Cooking for Comfort? Anthony Bourdain's Rich Lasagna Bolognese is One of Our Favorites
By Noelle Carter/ Daily Dish/ Food/ Los Angeles Times/ latimes.com

"Like many fellow cooks, I came of age reading Anthony Bourdain’s “Kitchen Confidential” while studying in culinary school in 2003 and planning for a career around food. Bourdain’s book was a glimpse into the down-and-dirty-world of real kitchens. While the newly formed Food Network revolved around well-lit, stylized re-creations of recipes for the home cook using a captive audience and magic words like “Bam!,” Bourdain showed what it was like to work in the sweaty, curse-filled trenches of the real world — but still managed to make it seem cool.

Bourdain was found dead Friday in his hotel room in France, according to CNN. The chef, writer and T.V. host was there working on an episode of his show “Parts Unknown.”

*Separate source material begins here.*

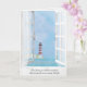 Open window with red and white striped lighthouse and sailboat for general sympathy.
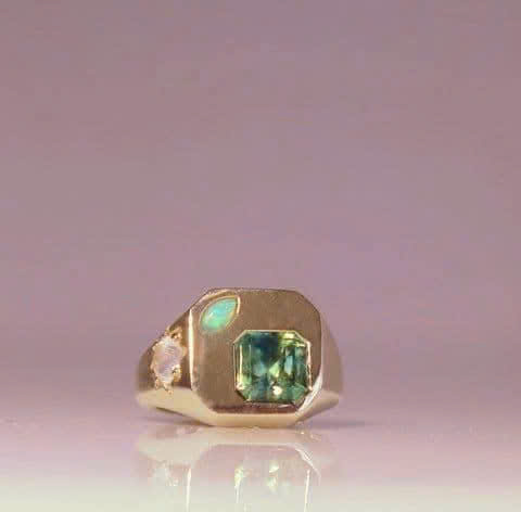 - Đá Phụ Độc Đáo: Các viên đá phụ nhỏ (như Opal/Moonstone và một viên đá tròn khác) được đặt ở góc và bên vai nhẫn. Sự kết hợp các viên đá có hình dạng và tính chất quang học khác nhau (giác cắt và Cabochon) là điểm nhấn nghệ thuật.

I’ll never forget my first true line job. It was in New Orleans, at the height of Mardi Gras, and I worked the fryer and garde manger stations. The cooks were too close for comfort, the room was hot and sweaty, and adrenaline and drugs made the atmosphere seem like a Lewis Carroll-inspired fever dream. It was brutal. And possibly the best time of my life. I still have scars on my arms — tattoo-like memories from frying ingredients that went into probably every dish that went out the kitchen window. There are the friendships I forged with misfits like me in the trenches, particularly Paul, the cook who taught me my station, and the only one I would trust with my knives. (And, incidentally, one who spent 18 years behind bars for murder before coming to work at the restaurant.)

I have many of Bourdain’s books, but it’s his cookbooks that tie me most closely to the kitchen, and, in a sense, to him. His “Les Halles” is a great cookbook, full of quintessential bistro-style recipes like his simple but wonderful take on Moules Marinieres. But it’s his last cookbook, “Appetites,” that I keep coming back to when I want to cook for friends. He has an unapologetically rich lasagna Bolognese, heavy on the bechamel, and made with the perfect trinity of pork, veal and beef. Bookended with chicken livers and tons of cheese, it’s almost too rich, and just perfect when you’re craving a needed plate of pure comfort under a layer of melted mozzarella. Which is what so many of us need now.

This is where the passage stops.